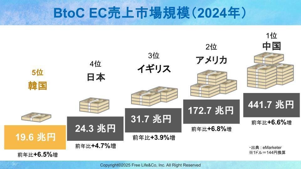 越境ECの観点で見ると、通販市場が世界2位国への到達力はかなり大きいと思います。
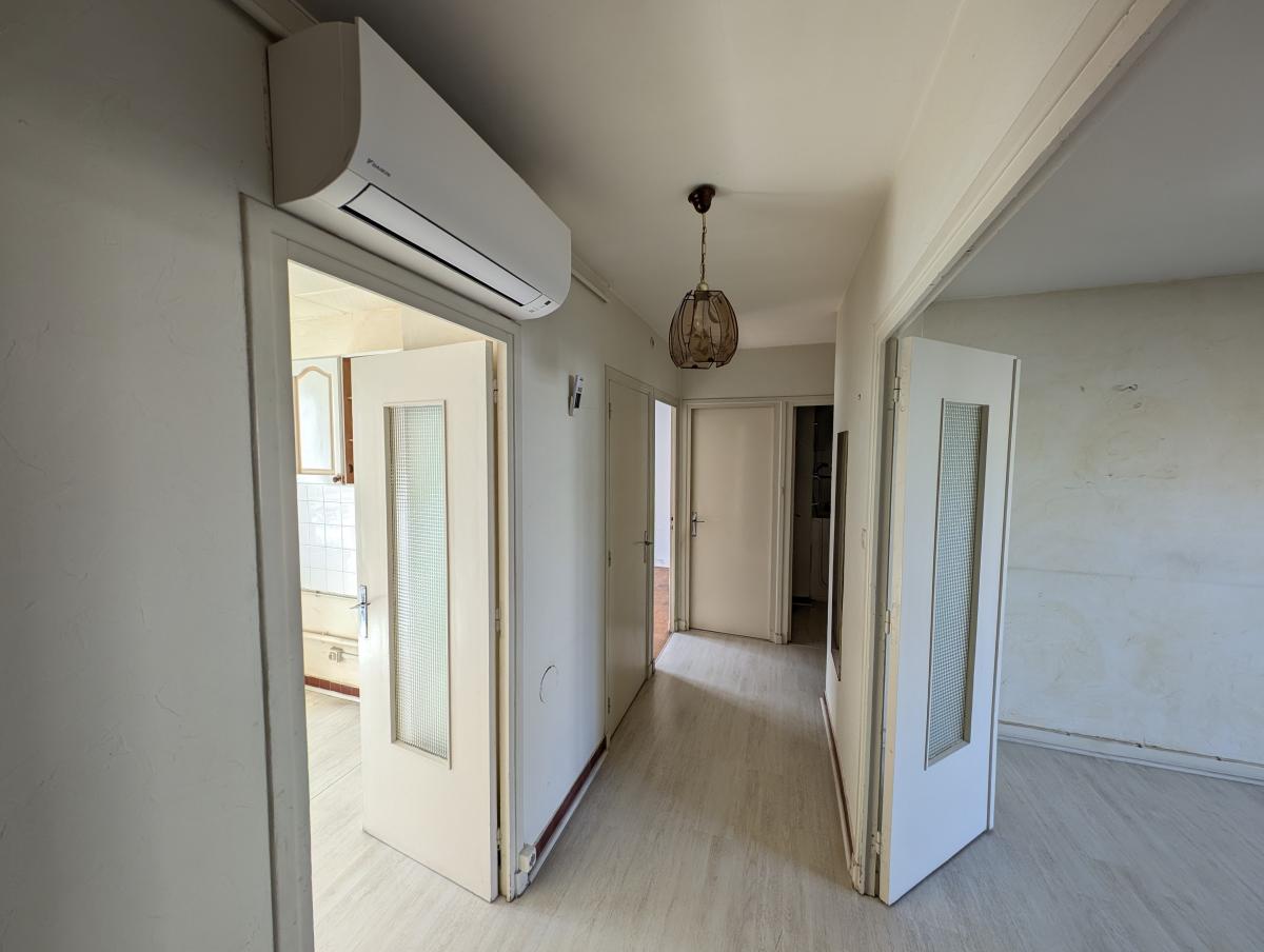 Des travaux de rafraîchissement sont à prévoir, offrant un beau potentiel de personnalisation. Le chauffage est collectif. L’appartement est également équipé d’une climatisation réversible et de fenêtres en PVC double vitrage avec volets roulants solaires, assurant un bon confort thermique.
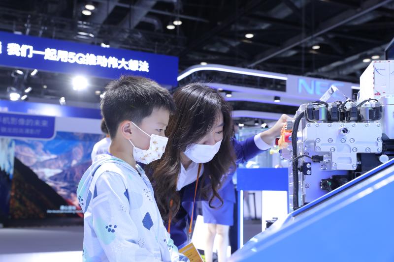 在服貿(mào)會(huì)現(xiàn)場(chǎng),一個(gè)小男孩躲在奶奶身后好奇的地望著中國(guó)太保展臺(tái)上的氫能源發(fā)動(dòng)機(jī)。
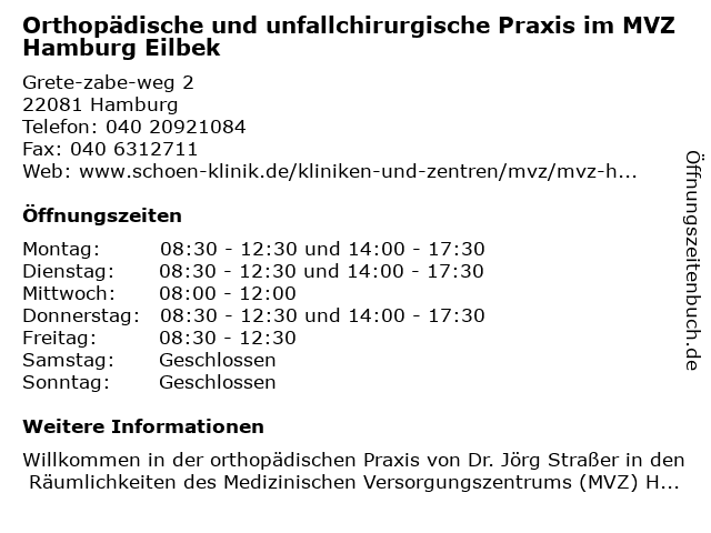 Branchen & Suchbegriffe zu Orthopädische und unfallchirurgische Praxis im MVZ Hamburg Eilbek:eilbek, mvz, orthopäden, orthopädische, praxis, unfallchirurgische |

• _Exercise goal_
Please output the lines from the line that holds "在服貿(mào)會(huì)" through the final line of the material above, both included. Each line must match exactly, and pictures must be excluded.

• _Result of the task_
 在服貿(mào)會(huì)現(xiàn)場(chǎng),一個(gè)小男孩躲在奶奶身后好奇的地望著中國(guó)太保展臺(tái)上的氫能源發(fā)動(dòng)機(jī)。
 Branchen & Suchbegriffe zu Orthopädische und unfallchirurgische Praxis im MVZ Hamburg Eilbek:eilbek, mvz, orthopäden, orthopädische, praxis, unfallchirurgische |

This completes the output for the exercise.